No. Real gravitons are a sign of gravitational waves; virtual gravitons are a sign of a gravitational field.

(8) Out of (2): Is this true for black holes? Do they curve spacetime and the curvature "rests" there because the gravitons (gravitational waves) cannot escape from inside of the black hole? Is the gravitational field of black holes never "updated" by gravitons (gravitational waves)?

Yes, this is also true of black holes. The gravitational field does not emanate from inside the hole, nor do the virtual gravitons; the field is the consequence of the mass, not the product of the mass, although you will come across books by some rather famous people who have forgotten this. Similarly, the virtual gravitons are not emitted by the hole; they are produced by the vacuum as a result of the stress placed on it by the warping that is the consequence of the mass, they are not produced by the hole. For the rest, including the lag, everything stays pretty much the same. I did another post in which I described frame dragging, and there are some consequences that you should think about of that that I did not detail in that post. Can you see what they might be?

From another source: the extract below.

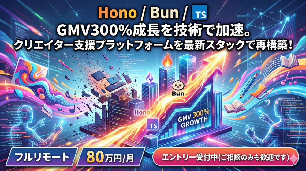 ■ 開発スタック・環境の魅力 ・技術選定: TypeScript, React, Python, Hono, Bun ・インフラ: コンテナベース、サーバーレスなど最新のクラウドネイティブ環境 ・体制: 「エンジニア=作る人」という壁がないフラットな組織。プロダクトの意思決定に深く関与できる文化です。 ・魅力: HonoやBunといった、まだ「実戦投入」の事例が少ないエッジな技術を大規模な本番環境で使い倒せる希少なチャンスです。

(9) Out of (1), (3), (4), (7) and (8): How can black holes capture gravitons (gravitational waves) inside the Schwarzschild radius and, at the same time, emit gravitons (gravitational waves) to curve space and exert gravitational force?

It is two different things. Remember, it is not the singularity that emits the virtual gravitons; it is the vacuum that does it. That should clarify this point for you. In field terms, the curvature of spacetime is controlled by the mass inside it; there is no reason why that curvature should not continue right on through the event horizon, although we cannot look inside the event horizon to see that it is so.

It is probable (I have not seen it mentioned anywhere) that any gravity waves that might be emitted by the singularity would not be able to exit the event horizon, because gravitational radiation could not make it past it any more than light could.

(10) Out of (9): How does quantum and/or string theory explain the speed and escape speed of gravitons (gravitational waves)?

I think the above is sufficient; remember that there is no viable quantum theory of gravity, and that string theory cannot currently provide specific equations that describe this state of affairs. I'd stick with the field equations that we have that we know work; they are our best source of knowledge at this time.

I hope I was able to put everything into the context as it currently occurs to me - and to show where my gaps in understand (relating) it are situated.

Carsten

Well, I hope that helped!

DB, I also hope I didn't irritate you- my intent was not to replace or refute what you were saying, it was to add my own perspective, which seems different from yours, though not in opposition to it. I expect to learn a thing or two from reading your responses.

 

[DB]

No problem Schneibster. No irritation here. I learned a lot from your post. I think you say it perfect:

"the virtual gravitons are not emitted by the hole; they are produced by the vacuum as a result of the stress placed on it by the warping that is the consequence of the mass"

This is a great definition of the creation of gravitational waves or virtual gravitons. "Stress placed on a vacuum by mass."

 

[benpadiah]

I think tachyons have really nothing to do with gravity.

I'll remember you said that.

-ben

 

[CarstenDierks]

Hi Schneibster,

Thank you very much. I really enjoyed reading and understanding. I was just a little busy during the past days so I have just currently found some time to respond. I am sorry for being a little overdue…

Keep in mind as well that such an object would still be subject to tidal forces, unless it were of zero thickness. So it's really best to say it feels no net attractive force, because it does feel a tidal force that is the sum of the two tidal forces, rather than their difference (I'll leave it to you to figure out why; it will give you confidence in dealing with such situations).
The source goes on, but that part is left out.